■ DATA SECTION ■
# # # # #

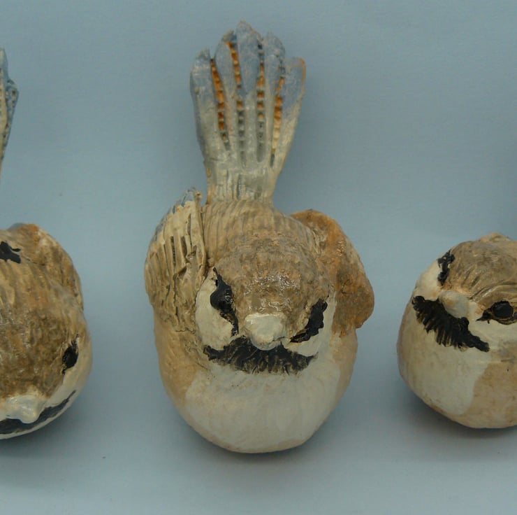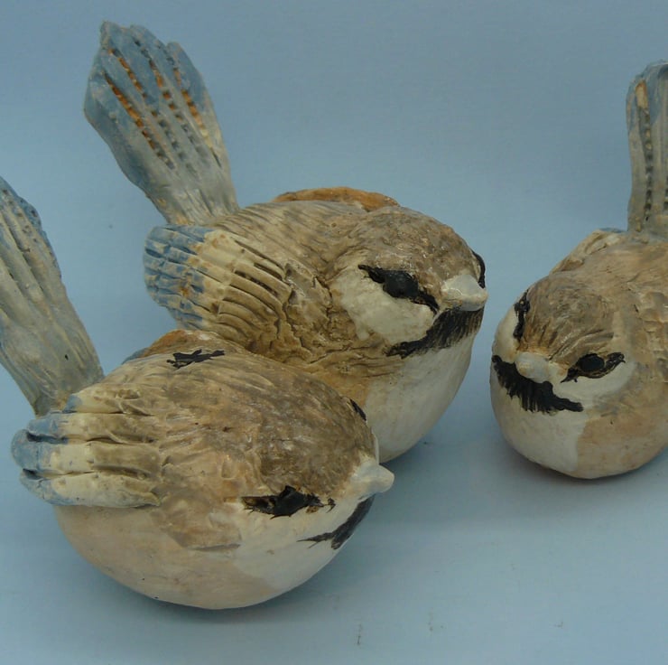 Clay small Wrenr 10 x 7 cms. Made by the pinched pot method. Painted with coloured slips.
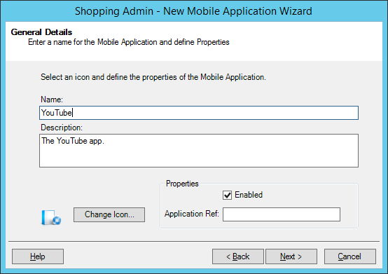 On the General Details screen, enter the name and description for the application. In our example, we used the YouTube mobile app.
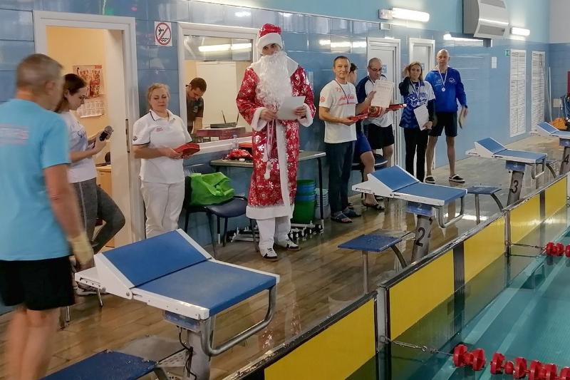Уже в пятый раз абсолютным победителем стала тренер бассейна ВГУ Татьяна Прокофьева. Юрий Перин выполнял обязанности технического делегата федерации плавания «Мастерс» России и Деда Мороза.

# # # # #

■ TASK INSTRUCTIONS ■
Leave the images out and output the remaining material exactly as it stands.

■ ANSWER TO THIS PROBLEM ■
 Clay small Wrenr 10 x 7 cms. Made by the pinched pot method. Painted with coloured slips.
 On the General Details screen, enter the name and description for the application. In our example, we used the YouTube mobile app.
Уже в пятый раз абсолютным победителем стала тренер бассейна ВГУ Татьяна Прокофьева. Юрий Перин выполнял обязанности технического делегата федерации плавания «Мастерс» России и Деда Мороза.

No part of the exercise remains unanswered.